Attenuation coefficient of usable solar radiation of the global oceans

Usable solar radiation (USR) represents spectrally integrated solar energy in the spectral range of 400–560 nm, a domain where photons penetrate the most in oceanic waters and thus contribute to photosynthesis and heating at deeper depths. Through purely numerical simulations, it was found that the diffuse attenuation coefficient of downwelling USR ( K d (USR), m −1 ) is nearly a constant vertically in the upper water column for clear waters and most turbid waters. Subsequently an empirical model was developed to estimate K d (USR) based on the diffuse attenuation coefficient at 490 nm ( K d (490), m −1 ). We here evaluate this relationship using data collected from a wide range of oceanic and coastal environments and found that the relationship between K d (490) and K d (USR) developed via the numerical simulation is quite robust. We further refined this relationship to extend the applicability to “clearest” natural waters.

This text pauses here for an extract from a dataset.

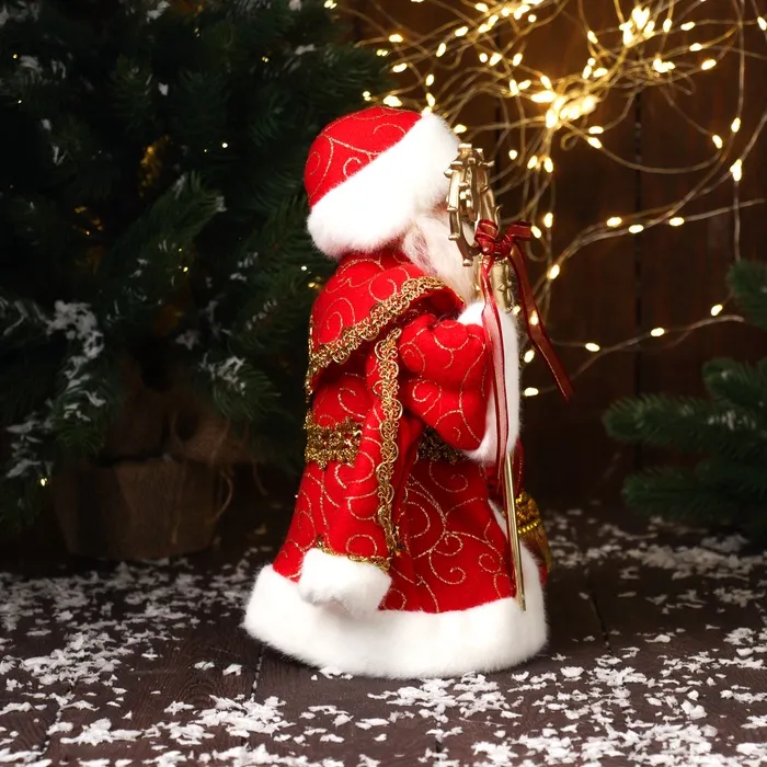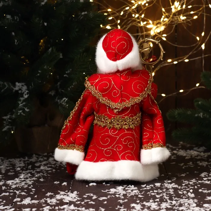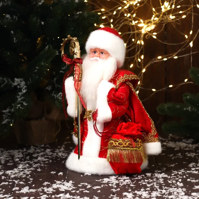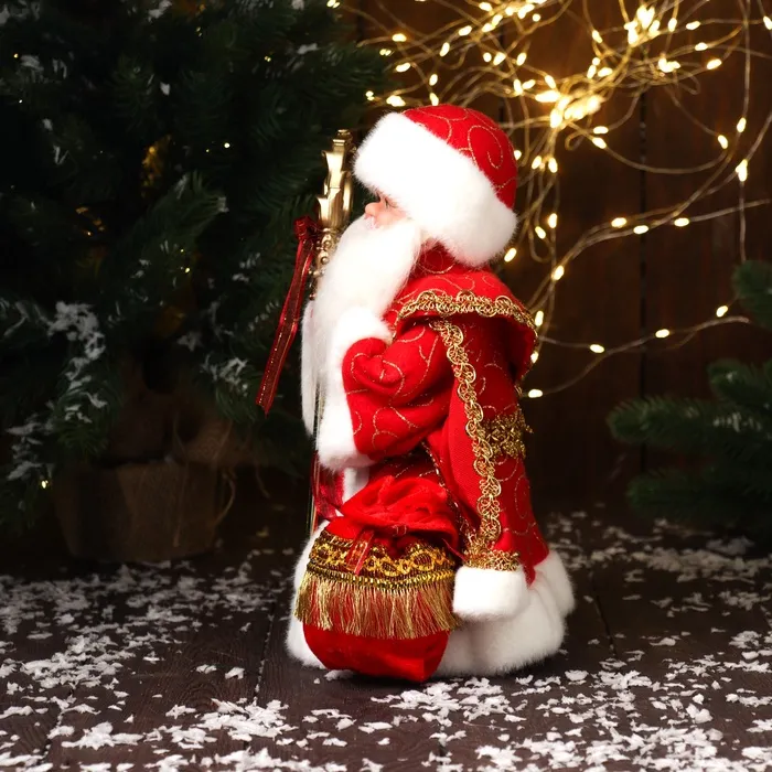 Дед Мороз под ёлку «Зимнее волшебство. Новогодняя игрушка в шубе с мешком нашивкой» двигается, 30 см, красный — Характеристики

This refined relationship was then used to produce sample distribution of K d (USR) of global oceans. As expected, extremely low K d (USR) (∼0.02 m −1 ) was observed in ocean gyres, while significantly higher K d (USR) (∼5.2 m −1 ) was found in very turbid coastal regions. A useful application of K d (USR) is to easily and accurately propagate surface USR to deeper depths, potentially to significantly improve the estimation of basin scale primary production and heat fluxes in the upper water column.